I have a group of friends who meet on the first Monday of the month for the Ron Book Club. I’m usually unavailable due to Monday night class, but I always get to join them in January over winter break. This month, we read and discussed The People of Paper by Salvador Plascencia.
This is MFA-earner Plascencia’s first novel and he does well combining three things he knows well: the culture and geography of Mexico and southern California, presentation, and writing. Stay with me here, the story is narrated by the planet Saturn, who watches a few people on earth, who then narrate their own tale of battling for their freedom against the planet Saturn for watching them. The novel continues to turn inside on itself, becoming meta as characters realize their story is a novel (this doesn’t stop them from trying to rebel from their narrator, however). Plascencia has written a story for keen-eyed readers who enjoy connecting the dots and for writers who have ever felt their characters take over the story they’re writing, whether they wanted it or not.
Reading the novel, I enjoyed the story and annotated along the way, but halfway through I wondered if I would be as intrigued as I was if it wasn’t for the presentation style, the book’s primary novelty. Point of view switches between first and third person, sometimes within the same character’s narration. Some characters speak in blocks of black ink, their words missing, censored, or intelligible, other characters have moments of blank white space to represent their silence. Ink also serves as blood, splashing pages in great drops, blotting out text. One character’s name is even completely scratched out of the novel. While these are fascinating craft choices, I wonder if the “gimmick” outshines the fourth-wall smashing story. Still, it’s worth a read to see these craft choices in practice.

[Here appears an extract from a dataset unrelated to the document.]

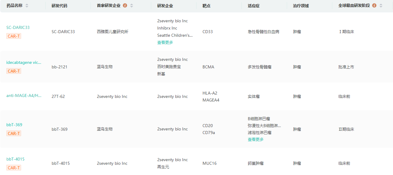 2seventy bio是一家从事癌症革新疗法的研究、开发及商业化的细胞及基因疗法公司,旨在真正颠覆癌症治疗领域。其方法结合其在T细胞工程技术及慢病毒载体基因传递方法的专业知识、细胞疗法的研究、开发及生产的经验以及能够选择性部署以开发用于癌症患者的高度创新的下一代靶向细胞疗法的一套技术。2seventy bio的领先产品ABECMA为获得美国食品药物管理局批准用于治疗多发性骨髓瘤的首个CAR T细胞疗法。

Ron Book Team’s February selection is New York Times bestseller Water For Elephants by Sara Gruen. I hope to make at least a few of the RBT meetings and keep you updated on our selections and subsequent discussions.
-nm
Having missed the conversation due to an apartment flood, I’ll add my two cents here.
What I found really intriguing about People of Paper, apart from its typographical tricks (slightly more sophisticated and related to the plot than, say Jerry Rubin’s in “Do It!”) was Plascencia’s take on colonization.
Each character in the book had some sort of relationship with colonization–even the minor ones. Saturn was the only major character with non-Hispanic origins, but I think we were in large part led to believe that he/we was/were a sort of colonizer or exploiter for observing the characters’ lives without their permission. The reader is made complicit in historical acts that have changed a culture so hispanic people dump their racial brethren in favor of beautiful whites, but that those Mexicans who are made to be white (wholly of paper), just hurt those who love them and disintegrate completely.
You were probably right about your observations above, but my biggest takeaway from this book was insight into what it means for Plascencia to be a Mexican-American (or at least an Angelino) and how he sees his culture and identity as having been affected by all sorts of colonization.
You’re right, Jerad, and that’s a part of the book I didn’t address in my post like I should have. Plascencia uses his knowledge of Mexican-American culture and identity as the connecting thread in all of this manipulation of form and presentation, and it’s solid enough to deserve not to be overlooked.